Last year saw protests in many countries in the world's economic powerhouse, Asia, and 2015 portends more of the same. What does the future hold for these youth-led movements?


Yellow umbrellas, sunflowers, yellow shirts, red shirts, and ribbons. These were the symbols of Asia in 2014, as seen from the most basic level – the city street. At many times in 2014, the modern economic hubs of Seoul, Taipei, Bangkok, and, most notably, Hong Kong, saw their urban landscapes taken over by unprecedented, historic protests.


At first glance, pro-democracy protests in Hong Kong, the hunger strikes by the families affected by the Sewol Ferry disaster in South Korea, or the red and yellow shirt protests in Thailand may have seemed focused on specific concerns relevant only to people in those societies. But take a step back and the movements are, actually, quite similar. To be sure, the focus of Hong Kong's youth leaders was on the push for the city-state to gain its long-promised democracy, but the fuel of the discontent was high living costs, limited affordable housing, and rising income inequality – the same challenges facing South Korea and Thailand.


In Seoul, at first glance, it seemed that last year's sit-in protestors in the city center wanted justice for the hundreds of victims of Sewol. But what they were calling for – an investigation into what they see as deeply ingrained corruption and collusion connecting the ferry company, the police, and politicians, perhaps even the president – had implications far broader than a simple criminal case.


“One of the main causes of social malaise in Korea is the widening polarization in society between the haves and the have-nots,” said Youngmi Kim, an Associate Professor and Korean expert at Central European University.


Thailand, too, saw similar slogans about corruption and inequality at both red-shirt and yellow-shirt rallies. And the most dramatic, though lightly covered, protests took place last March in Taiwan, where youth stormed past police barricades and occupied the Taiwanese parliament, in opposition to a trade deal with China that they believe will erode the island-state's independent political identity.

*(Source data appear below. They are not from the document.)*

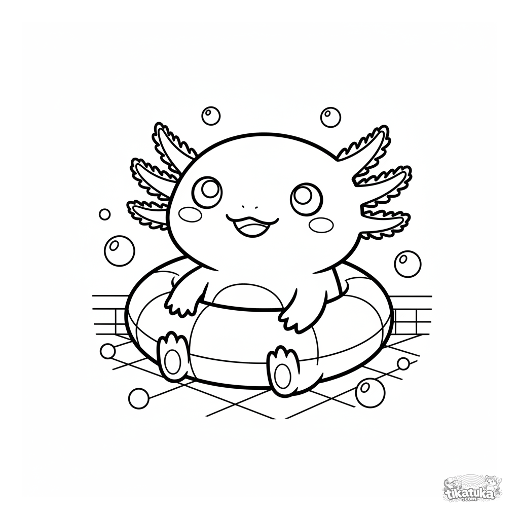 Ausmalbild eines süßen Axolotls am Boden eines Pools mit einem Schwimmring. Für Kinder von 4-6 Jahren.
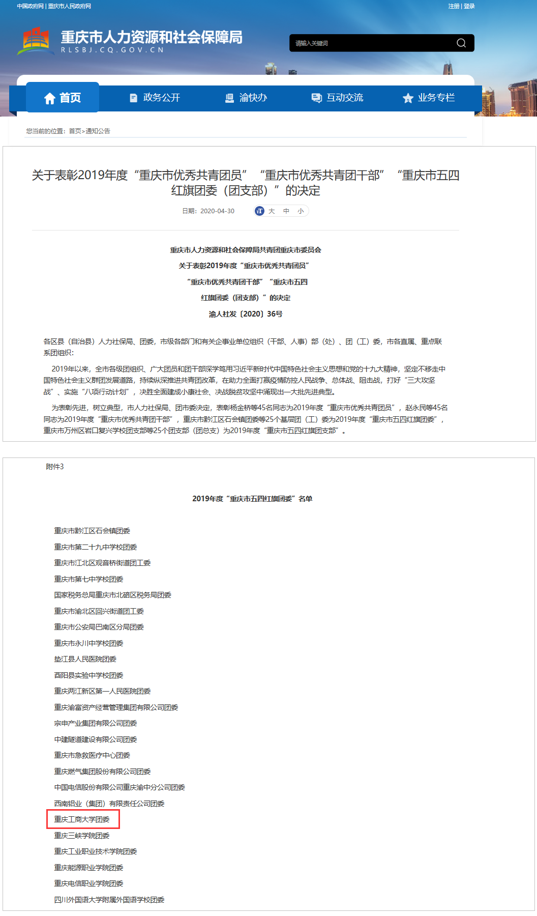 4月30日,重庆市人力资源和社会保障局共青团重庆市委员会发布《关于表彰2019年度“重庆市优秀共青团员”“重庆市优秀共青团干部”“重庆市五四红旗团委(团支部)”的决定》。其中,我校获评2019年度“重庆市五四红旗团委”(全市共评选25个基层团(工)委)。
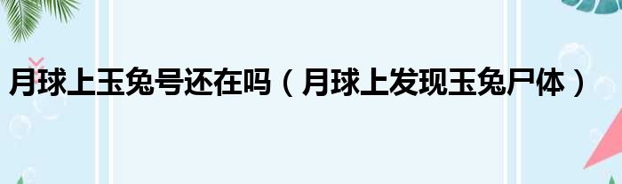 大家好,今天小六子来为大家解答以下的问题,关于月球上玉兔号还在吗,月球上发现玉兔尸体这个很多人还不知道,现在让我们一起来看看吧!
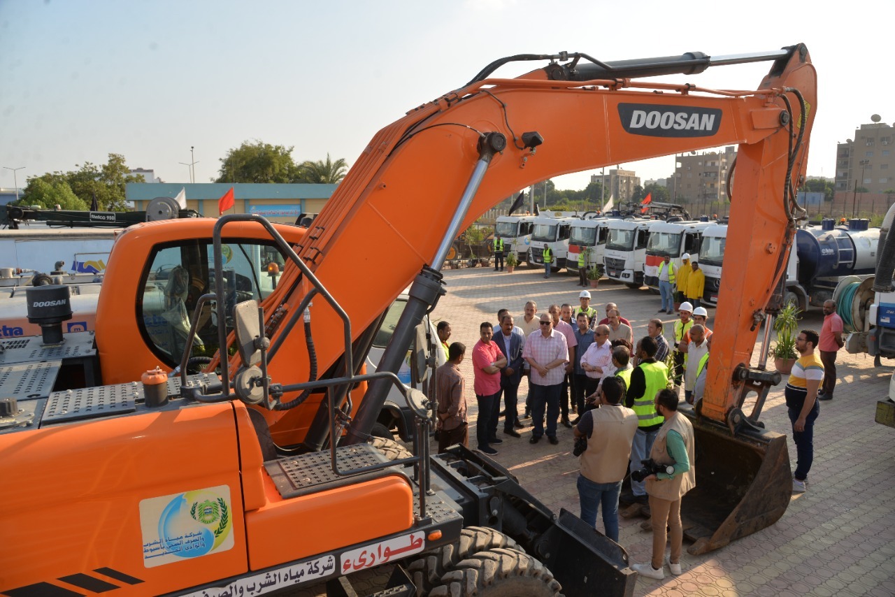 محافظ أسيوط ورئيس شركة مياه الشرب يشهدان اصطفاف معدات شركة المياه تحسبًا لسقوط الامطار

This is, actually, not unprecedented, but we have to go back to another era, the 1980's, to find something similar. Then, mass protests in South Korea, Taiwan, and the Philippines led to the overthrow of dictatorships in each of these countries. The cautionary tale was in China, where massive student protests in 1989 led to the horrific massacre at Tiananmen Square, one of the darkest moments in modern Chinese history, and the imposition of martial law.


The situation today is quite different from the 1980's, with the region far richer and more connected than before. Nevertheless, Asia faces a large “Democracy Gap,” compared to the rest of the world. Economic growth has not brought more representative governments to the region in the decades since the 1980's. And it is not only political institutions that have lagged. Corruption remains high, and media freedom is dropping, as Reporters without Borders, a France-based NGO, noted in its 2013 and 2014 World Press Freedom Indexes. Now, only Taiwan is ranked as having a “satisfactory” media environment, and countries such as Japan, Thailand, Hong Kong, and South Korea have seen their rankings drop, some dramatically.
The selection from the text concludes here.